Quantitative interpretability offers a clear path for network optimization [52]. It helps reveal hidden patterns in image data, enabling the design of more effective architectures. Based on the quantitative interpretability analysis, this study improves the backbone network by adding grayscale images to enhance feature representation, leading to a 2.3% increase in AP50 compared to the benchmark. This analysis confirms robustness within the conditions studied, while generalization across sites, seasons, and varieties remains an open question for the next work [53]. Understanding how the characteristics of the data affect the model’s behavior through quantitative interpretation helps identify performance bottlenecks and guide the design and improvement of future agricultural detection model architectures.
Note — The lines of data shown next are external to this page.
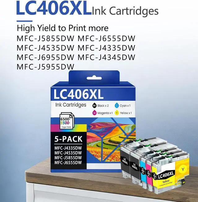 High-Capacity Ink Cartridge Pack: Contains 5 LC406XL cartridges (2Baclk, 1 Cyan, 1 Magenta, 1 Yellow). Individually sealed packaging prevents ink leakage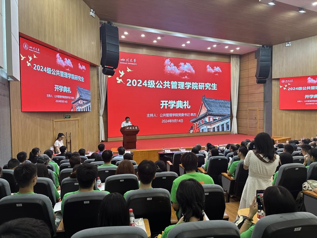 9月14日下午,四川大学公共管理学院2024级研究生开学典礼暨“开学第一课”在望江校区西区五教演播厅隆重举行。公共管理学院教授委员会主任姜晓萍、党委书记韩杰、院长夏志强、党委副书记罗亚玲、副院长王慧敏,师生代表及2024级全体新生参加典礼,开学典礼由党委书记韩杰主持。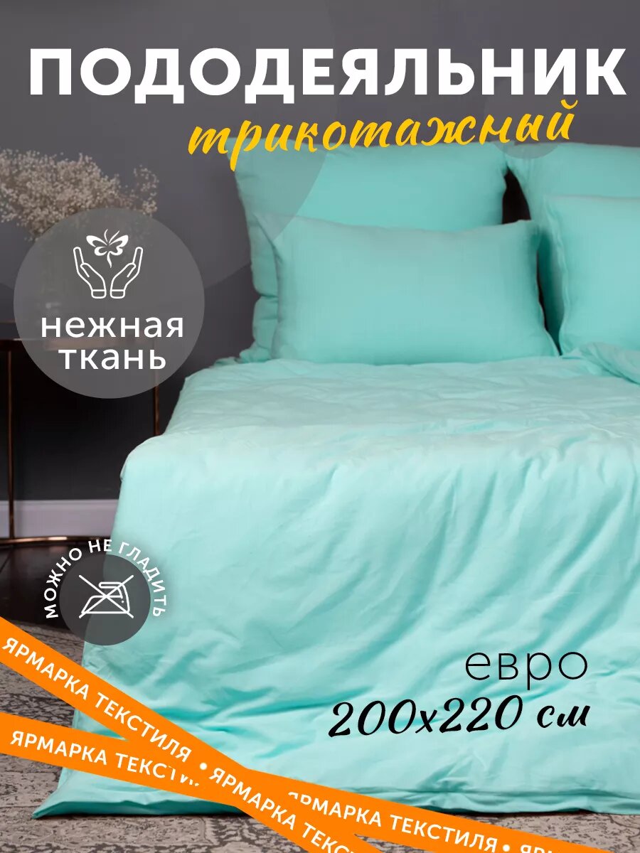 Пододеяльник евро KUPU-KUPU трикотажный на молнии 200х220 см, бирюзовый
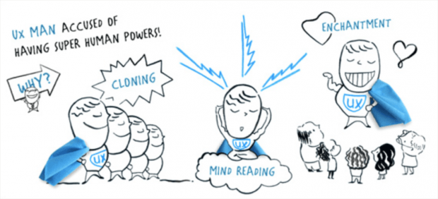В примере Axure можно увидеть, как герои помогают рассказывать историю. Их маленький UX Man появляется на разных страницах, давая дополнительную информацию о дизайне смешным и занимательным для читателей образом.
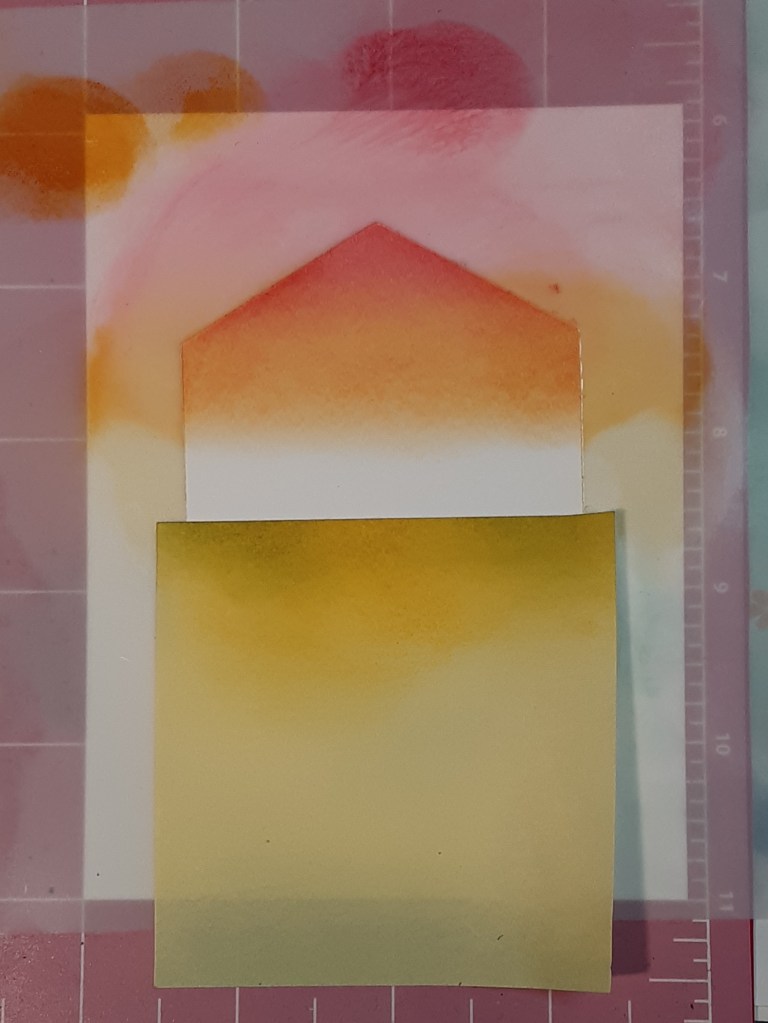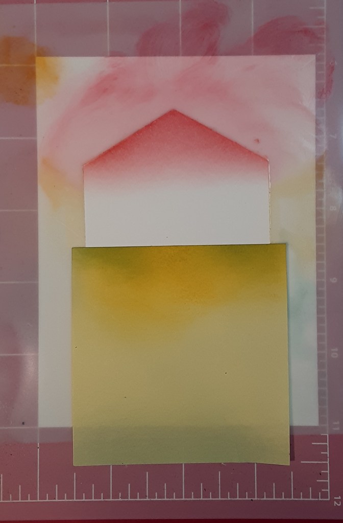 I stuck my white piece on a sticky mat. I made my sticky mat from a Cricut mat that I cut down to a more convenient size. The handmade stencil sticks to the sticky mat and secures it while I ink blend. I put a post-it note where I wanted my water line to be. Starting at the top, I ink blended with a Small Blending Brush in Strawberry Slush ink. In the picture you can see where I tapped off the ink before blending it on with a LIGHT hand. I could pick up more color if I needed it. I make multiple cards, and this was not my first attempt as you can tell by the various ink smudges on the stencil.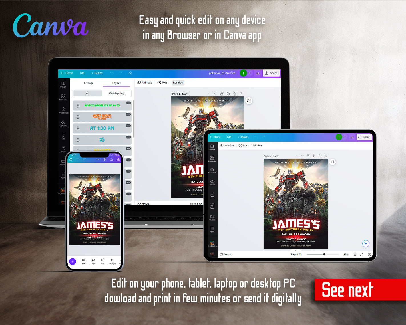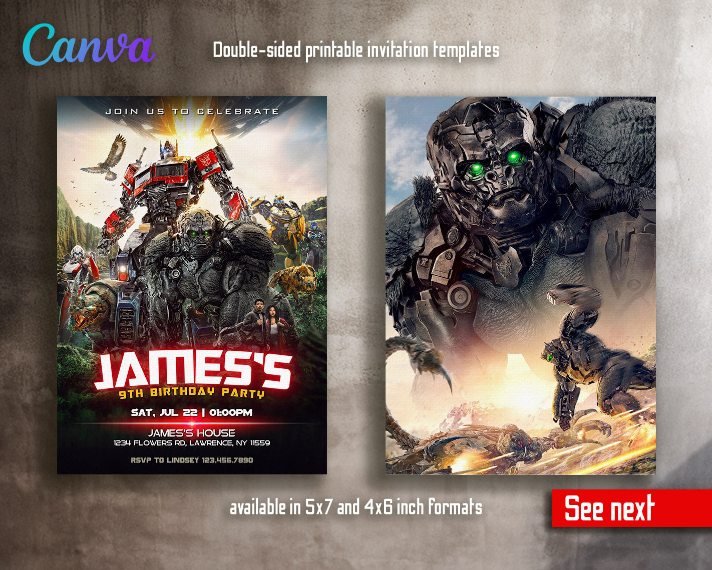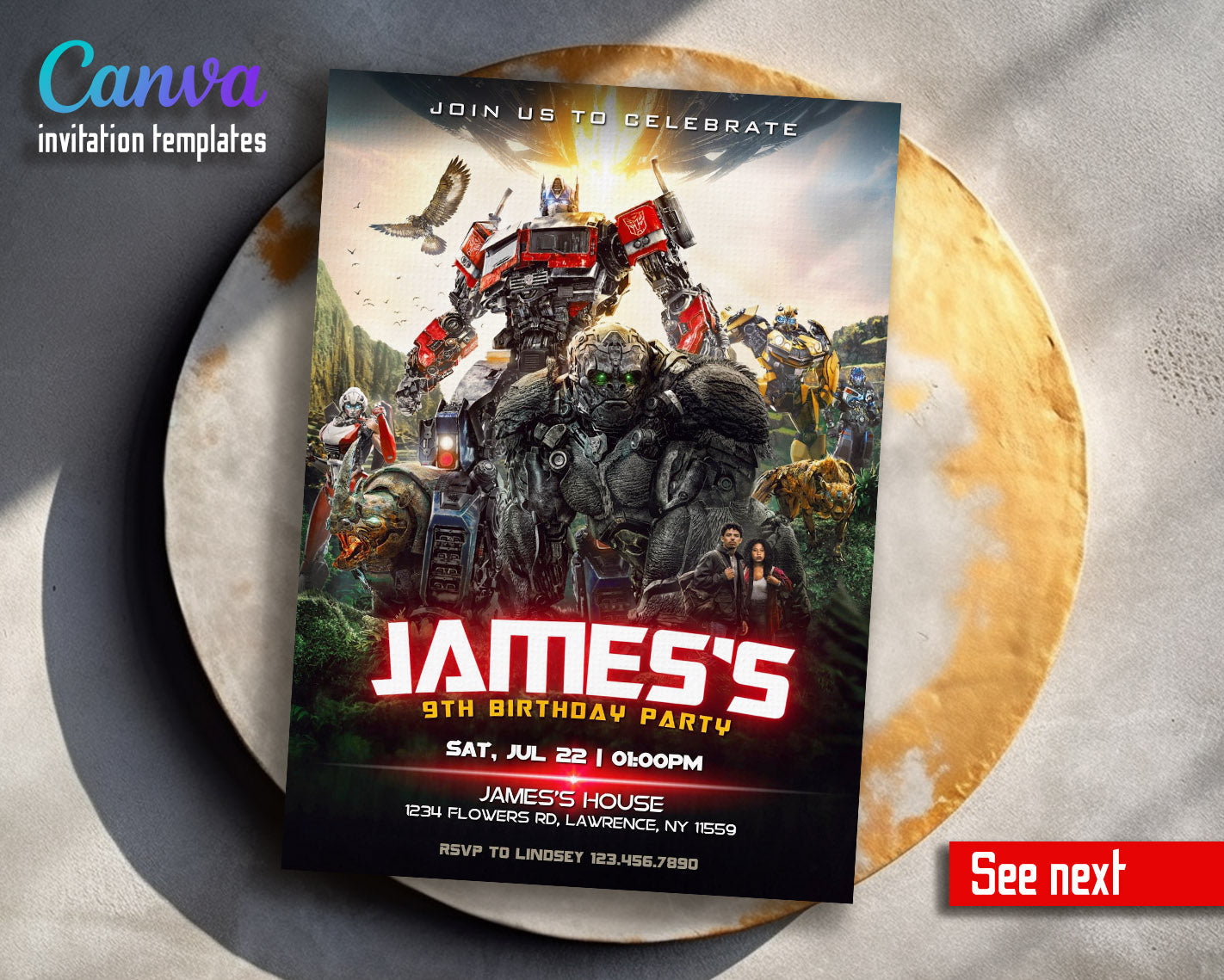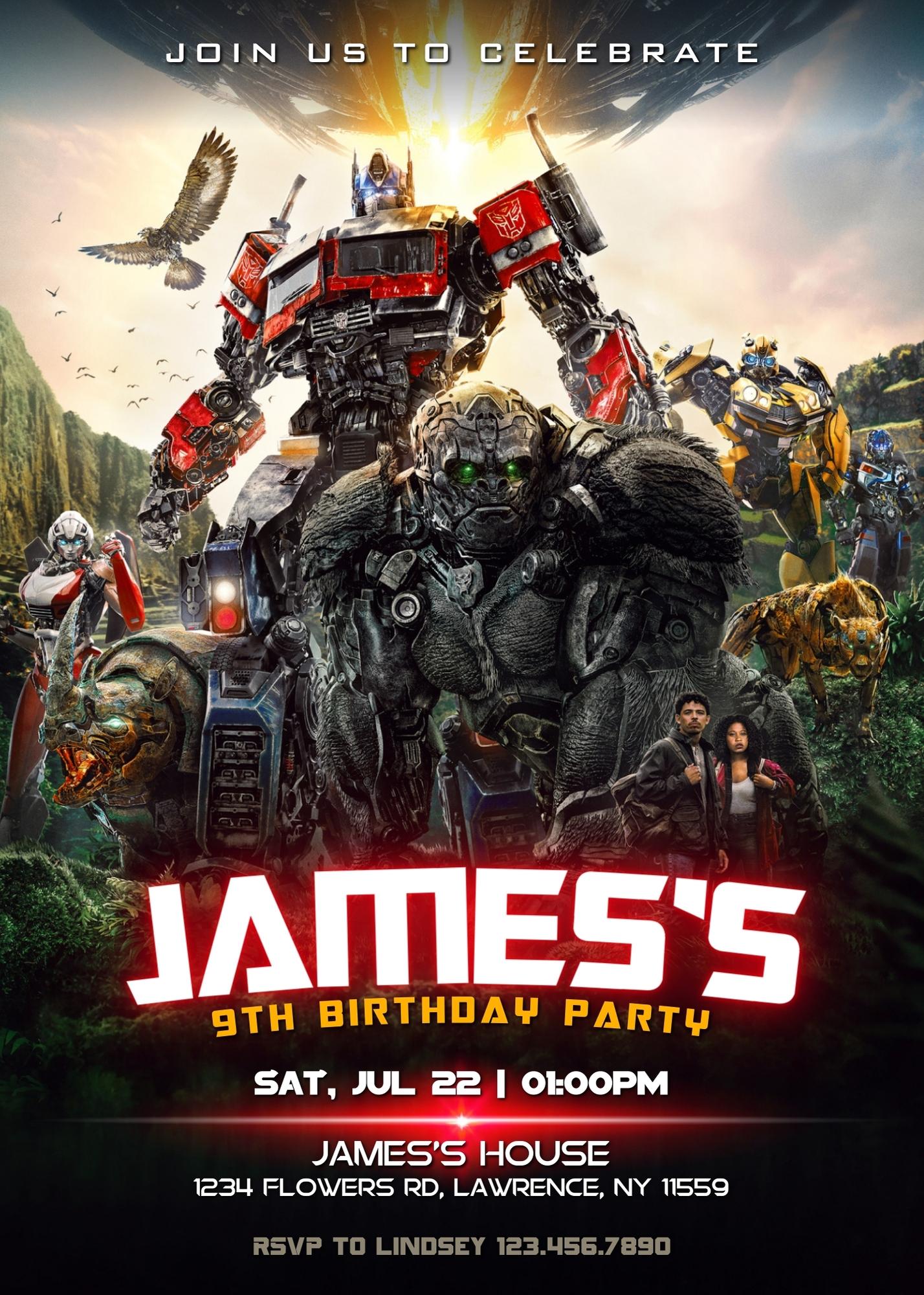 Related Tags: boy birthday, transformers party, rescue bots invite, rescue bots birthday, rise of the beasts, optimus primal, editable invitation, birthday invitation, printable invitation, transformers invite, optimus prime evite, gorilla transformer,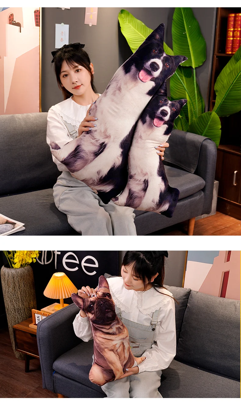 3D Simulation Dog Plush Toys Stuffed Pillow Lifelike Shiba Inu Corgi Bulldog Sofa Bedroom Cushion Home Decor Boys Birthday Gifts

4.2. Contribution of Texture and Color Features to Wheat Seedling Detection
Texture and color are key semantic features in image data, contributing to intraclass variability [54]. Deep learning models process these features differently across layers. Models learn mappings from input to output categories during training, automatically encoding key features. Texture and color are crucial for distinguishing seedlings from the background in wheat seedling detection. This study evaluated the contribution of each network layer after selectively removing texture or color features and reveals how these attributes influence model responses. The results indicate that removing either texture or color forces the network to rely more heavily on the remaining feature, leading to observable shifts in feature alignment. This suggests that these features significantly affect feature activation. Texture aids object classification, while color provides a strong visual cue, simplifying recognition and segmentation tasks [55]. Early layers in convolutional neural networks (CNNs) capture basic cues such as color and texture [56]. For wheat seedlings, the first two layers primarily extract simple features, such as edges or basic textures. These layers are less effective for color-based discrimination. In contrast, texture-based representations are spatially invariant and effectively capture local patterns [57]. As indicated by the IoU values (Table 1), early backbone layers exhibit higher semantic alignment with grayscale inputs, suggesting that structural cues play a more prominent role than chromatic information in initial feature extraction. Removing color further enhances its contribution (Figure 7). These findings underscore the importance of texture in CNN architectures. Feature extraction in these architectures progresses from local to global levels. Analyzing both local and global representations of texture and color highlights their spatial interaction in object recognition. Visualization of activation maps confirms that CNNs learn hierarchical representations, from low-level features to high-level semantics. This study used image processing techniques to isolate color and texture features, clarifying how these cues shape network decisions. CNNs identify wheat seedlings by correlating low-level features across spatial contexts. This emphasizes the importance of customizing architectures to seedling-specific visual traits.
Figure 7.
Distribution of IoU for wheat seedling detection at different layers of the backbone network: (a) average value, (b) minimum value, and (c) maximum value.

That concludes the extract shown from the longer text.